Assignment
An exact repeat is needed of the lines from the one with "光影和高級的黑色,紅色渲染優" through the last line of the data below. Please omit the pictures.

Material for this task
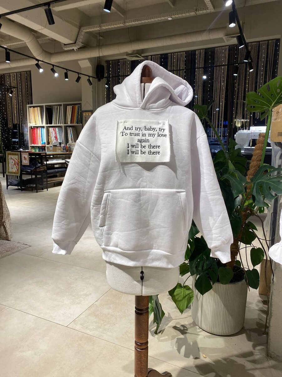 Иногда в корне все меняется. Как здесь. Хотели вышивать на белом худи, черными нитками, а вышили на коричневом желтыми. А ещё варианты шрифтов тоже могут быть разные, согласовываем всё 🙌🏻 Нам важно, чтобы ожидание клиента совпало с реальностью, и даже чуточку лучше 🥰
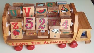 Camion Giocattolo in Legno con tessere rotanti raffiguranti Lettere e Figurine. Giocattolo Vintage. 8 ruote in legno rosso e l'intero blocco del carico girevole. Dimensioni: 30x11x16 cm. Questo articolo affascinante non può mancare in una qualsiasi collezione di giocattoli. Ideale sia per il collezionista di giocattoli retro sia per il genitore alla ricerca di un nuovo balocco per il suo piccolino.
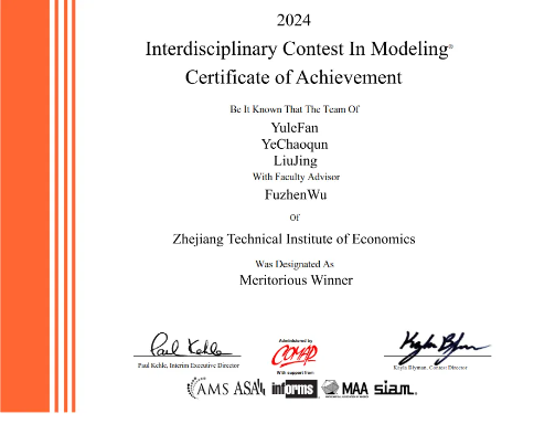 近日,2024年美国大学生数学建模竞赛(MCM/ICM)成绩揭晓。在我院数学教研室吴福珍、王文慧等老师的指导下,由刘婧、叶超群、范雨乐三名学生组队,经过了4天4夜的鏖战,在国际数学建模的舞台上崭露头角斩获M奖(一等奖),这是数学建模继获国赛一等奖之后的又一新突破。
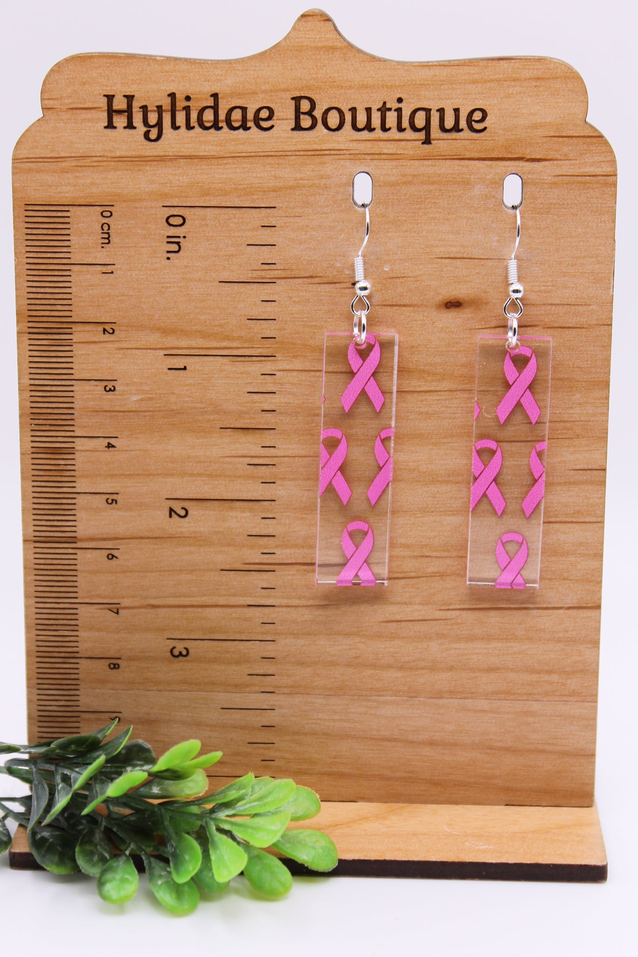 The Pink Ribbon Bars Breast Cancer Awareness Dangle Earrings are crafted from acrylic and stainless steel featuring a hook and post design with a rubber push back for a secure fit. These earrings are hypoallergenic as they are free from lead and nickel, making them suitable for sensitive skin. Hand-crafted by Hylidae Boutique, they represent a meaningful symbol of breast cancer awareness. Proper care is essential to maintain their beauty; it is recommended to remove them before showering, swimming, or sleeping. These earrings can be worn in various settings to promote awareness and support for breast cancer, making them a thoughtful accessory for events or daily wear.
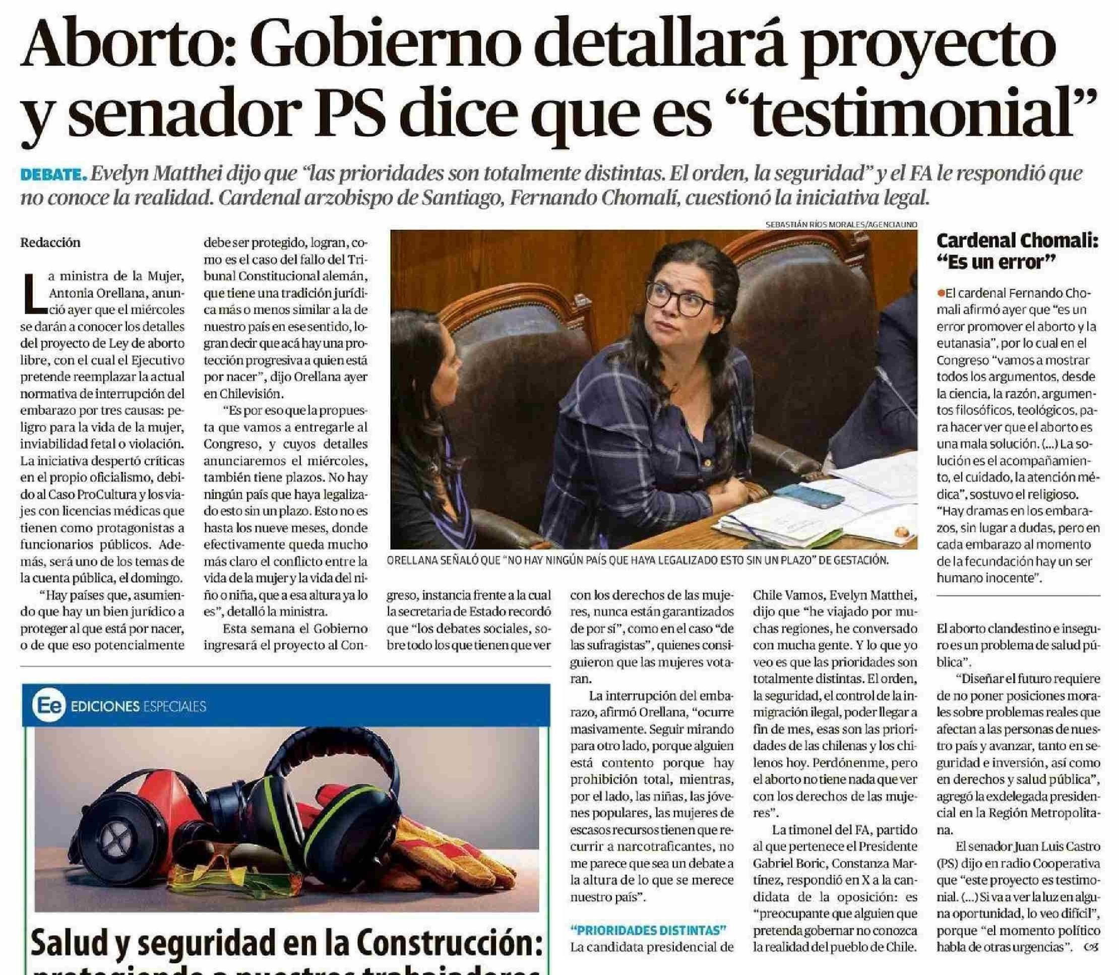Aborto: Gobierno detallará proyecto y senador PS dice que es “testimonial” 26-05-2025 El Llanquihue |
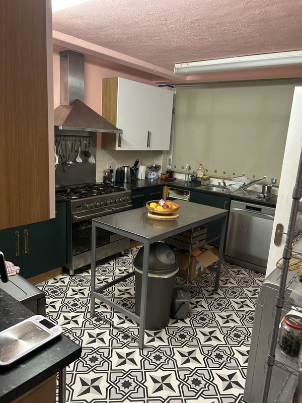 Kitchen, living room, and garden downstairs
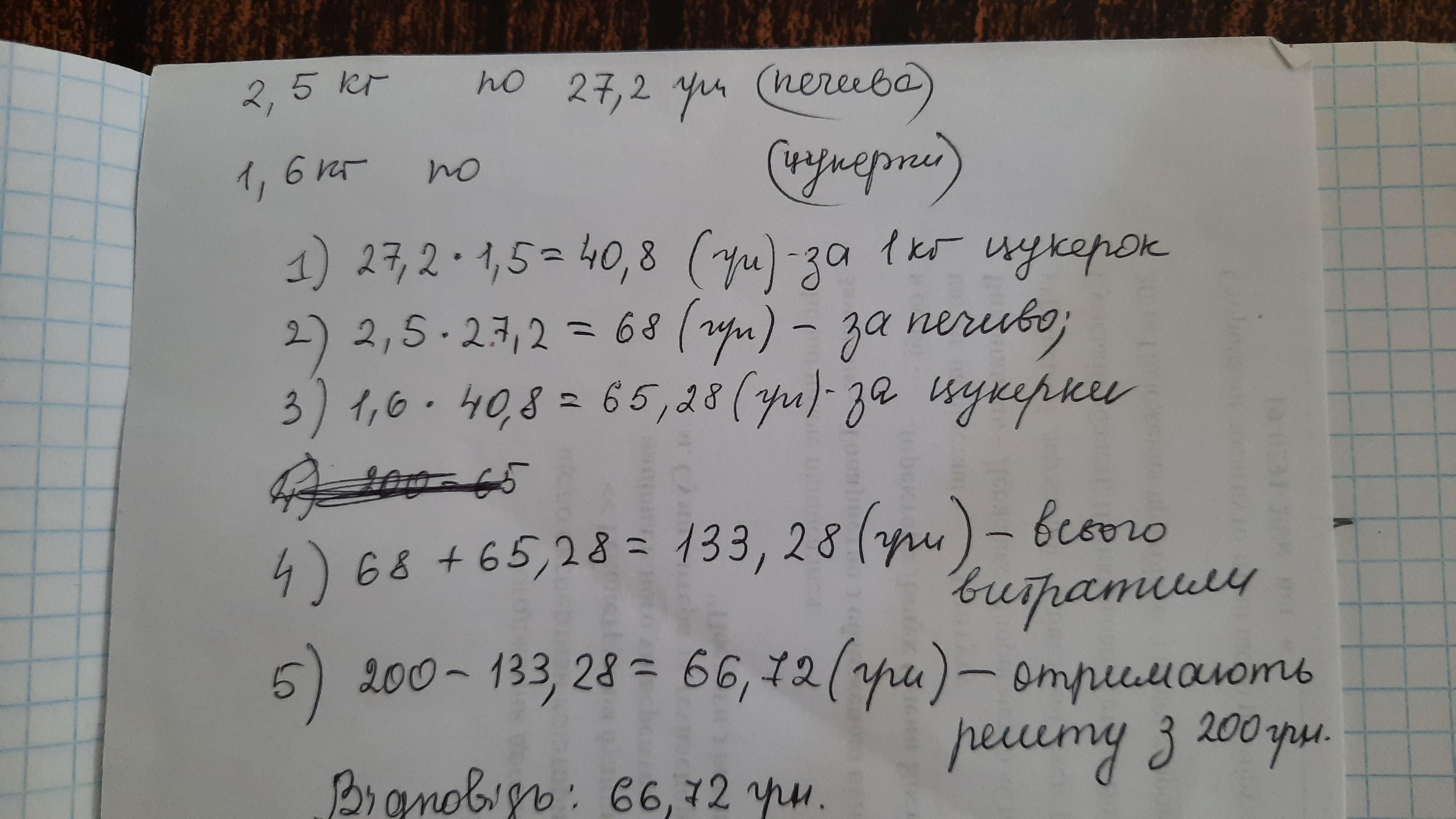 3) 200 - (68 + 65,28) = 200 - 133,28 = 66,72 (грн) - сдача.
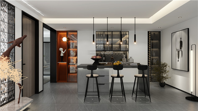 光影和高級的黑色,紅色渲染優雅的情調,讓吧臺變得富有優雅的情調,讓家居色彩變得更加豐富,空氣中仿佛都是紅酒的香氣。
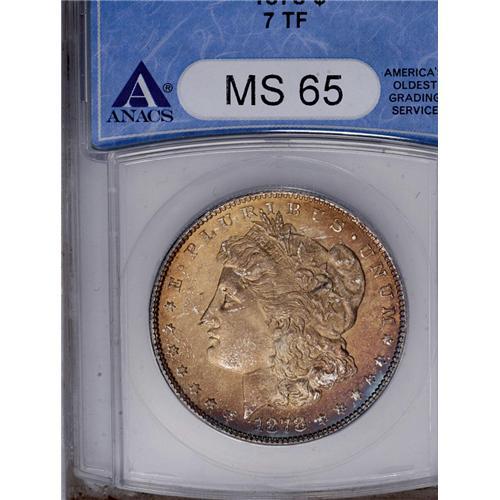 <B>1878 7TF<img border='0' src='http://www.heritagecoins.com/images/star.gif' width=10 height=10>$1> Reverse of 1878 MS65 ANACS.</B></I> The obverse has bronze toning with hints of lavender, while the reverse has bronze rim toning. A sharply struck and lustrous Gem.
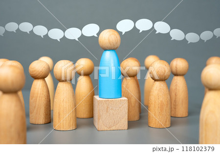 The blue man leads the people against the red man. The concept of supporting the majority against the opponent. An opposition political movement. Democracy against authoritarianism

Answer space
 光影和高級的黑色,紅色渲染優雅的情調,讓吧臺變得富有優雅的情調,讓家居色彩變得更加豐富,空氣中仿佛都是紅酒的香氣。
 <B>1878 7TF<img border='0' src='http://www.heritagecoins.com/images/star.gif' width=10 height=10>$1> Reverse of 1878 MS65 ANACS.</B></I> The obverse has bronze toning with hints of lavender, while the reverse has bronze rim toning. A sharply struck and lustrous Gem.
 The blue man leads the people against the red man. The concept of supporting the majority against the opponent. An opposition political movement. Democracy against authoritarianism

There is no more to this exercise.